Jim Kling

October 26, 2014

AUSTIN, Texas — In two studies of patients with moderate to severe chronic obstructive pulmonary disease (COPD), patients receiving the once-daily combination of umeclidinium and vilanterol (Anoro Ellipta, GlaxoSmithKline) scored higher on lung function tests than those receiving the twice-daily combination of fluticasone and salmeterol (Advair Diskus, GlaxoSmithKline).

"We wanted to see how some of the other combinations compare," James Donohue, MD, professor of medicine at the University of North Carolina School of Medicine in Chapel Hill, who presented the research here at CHEST 2014, told Medscape Medical News.

Both combinations are approved by the US Food and Drug Administration for maintenance therapy of COPD.

The once-daily combination consists of a long-acting muscarinic antagonist and a long-acting inhaled beta-2 agonist, and is the only such combination currently available in the United States.

The combination of indacaterol and glycopyrronium bromide (Ultibro Breezhaler, Vectura Group PLC) has been approved in Europe, and other combinations are on the way in the United States.

Because combinations of muscarinic antagonists and inhaled beta-2 agonists are new, it is important to determine which patients are most likely to benefit from them. "Physicians don't know how to use them. We're trying to put them in their place, to determine what patients would benefit most," said Dr Donohue. There has also been some concern that the fluticasone and salmeterol can increase the risk for pneumonia.

The researchers conducted two 12-week trials of patients with a forced expiratory volume in 1 second (FEV₁) after salbutamol therapy of 30% to 70% of predicted values.

All patients were at least 40 years of age, had moderate to severe COPD, and had a dyspnea score above 2 on the modified Medical Research Council scale. Patients were excluded if they had at least one documented exacerbation that required oral corticosteroids, antibiotics, or hospitalization in the previous year.

In both studies, patients were randomly assigned to once-daily umeclidinium 62.5 μg and vilanterol 25.0 μg delivered with the Ellipta inhaler or to twice-daily fluticasone 250.0 µg salmeterol 50.0 µg delivered with the Diskus inhaler.

On day 84, improvement in FEV₁ was greater with the umeclidinium and vilanterol combination than with the fluticasone and salmeterol combination.

On day 85, the improvement in trough FEV₁ was also better with the umeclidinium and vilanterol combination.

Table. Improvement With the Umeclidinium and Vilanterol Combination

Improvement Study 930, mL (n = 706) Study 951, mL (n = 697) P Value
FEV1 74 101 <.001
Trough FEV1 82 98 <.001


There was one death in the fluticasone and salmeterol group in study 930, but it reportedly was not related to the drug. In study 951, there were two deaths in the umeclidinium and vilanterol group and three in the fluticasone and salmeterol group, one of which was from pneumonia and was drug-related.

"At the end of the day, the weighted mean of FEV₁ was greater by a substantial amount in the umeclidinium and vilanterol group," said Dr Donohue. "There was also a greater effect on FEV₁ trough in both studies. As far as quality of life and dyspnea, both combinations were very close. Both had good effect, but there was no significant difference. It's a little surprising because I would have thought patients would have perceived the differences in FEV₁."

He said, "This could be positioned for first-line therapy for patients with a lot of symptoms, pretty good lung function, and no exacerbations. I wouldn't use this in people with frequent exacerbations."

The data are compelling, and the umeclidinium and vilanterol combination is promising, said Samiran Patel, MD, a pulmonologist in the Saint Luke's Health System in Kansas City, Missouri, and critical care director at the system's Overland Park Hospital, who attended the session. The fact that the combination is taken once daily could increase compliance.

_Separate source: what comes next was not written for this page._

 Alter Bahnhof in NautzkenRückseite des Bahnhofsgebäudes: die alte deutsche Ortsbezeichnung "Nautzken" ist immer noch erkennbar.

He expressed concern, however, over the short length of the trial. Depending on the time of year that the trial was run, there could have been weather effects. "Winter weather is harder on COPD patients, especially in North America," he explained.

Dr Patel does not expect to change his practice on the basis of the results. Instead, he will wait until more safety data have accumulated. He is also concerned about cost, because the newer medication is likely to have a higher price tag and might not be covered by insurance. "I have to be a patient advocate in terms of cost, and the way the healthcare reforms are now, they require that this is consciously considered in our decision making," he said.

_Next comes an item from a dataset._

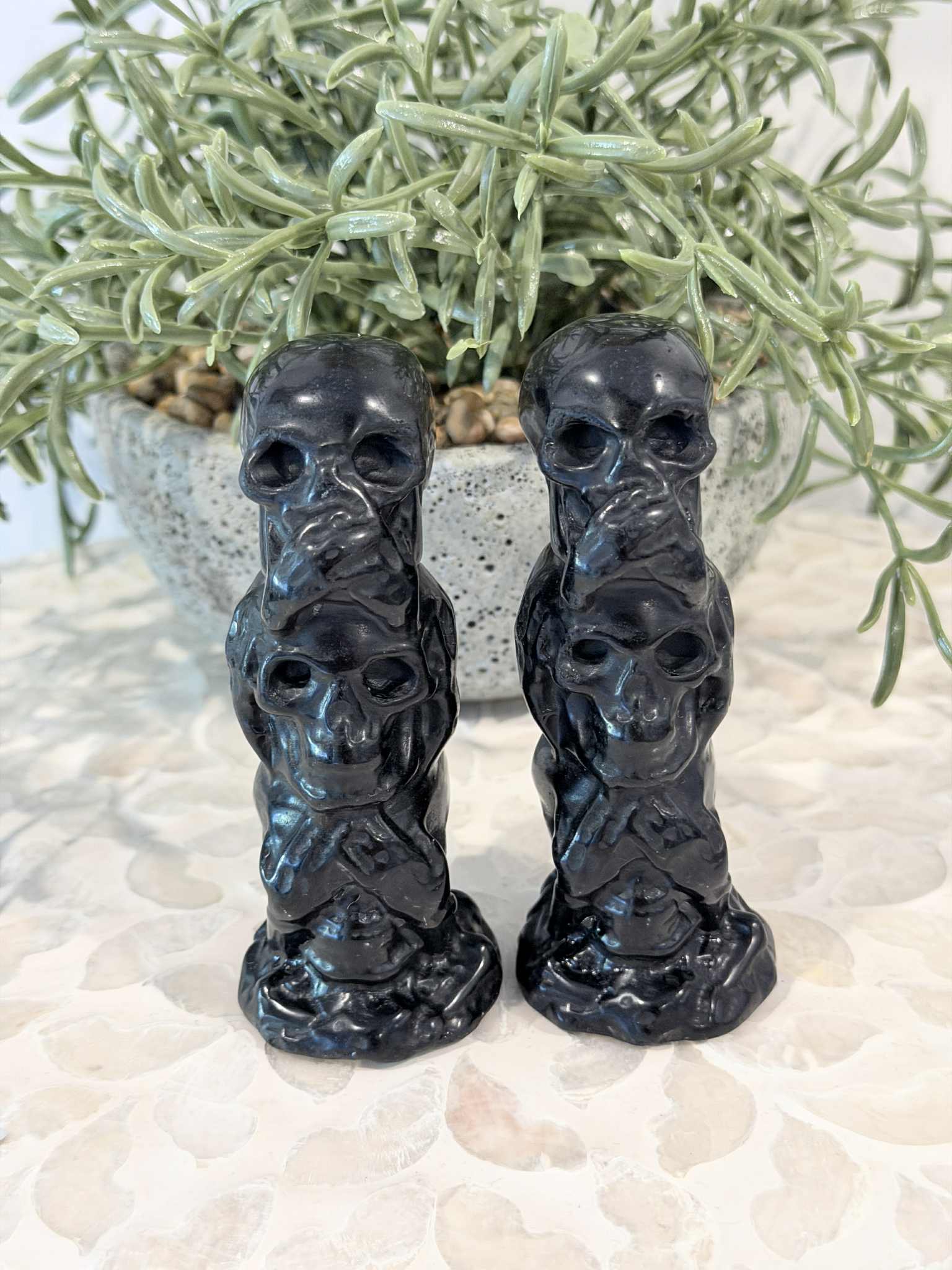 See No, Hear No, Speak No Evil - Triple Skulls - Yooperlite and Obsidian - Crystal Skulls

Dr Patel has disclosed no relevant financial relationships. Dr Donohue has received consultant fees, speaker bureau fees, or advisory committee fees from Almirall, AstraZeneca, Boehringer Ingelheim, Dey, Elevation Pharmaceuticals, Forest Laboratories, GlaxoSmithKline, Novartis, Pearl Pharmaceuticals, Pfizer, and Sunovion; and has served as a member of Drug Safety Monitoring Boards for the National Institutes of Health, Novartis, Otsuda, Pearl, and Teva.

CHEST 2014: American College of Chest Physicians Meeting: Abstract 1991492. Presented October 26, 2014.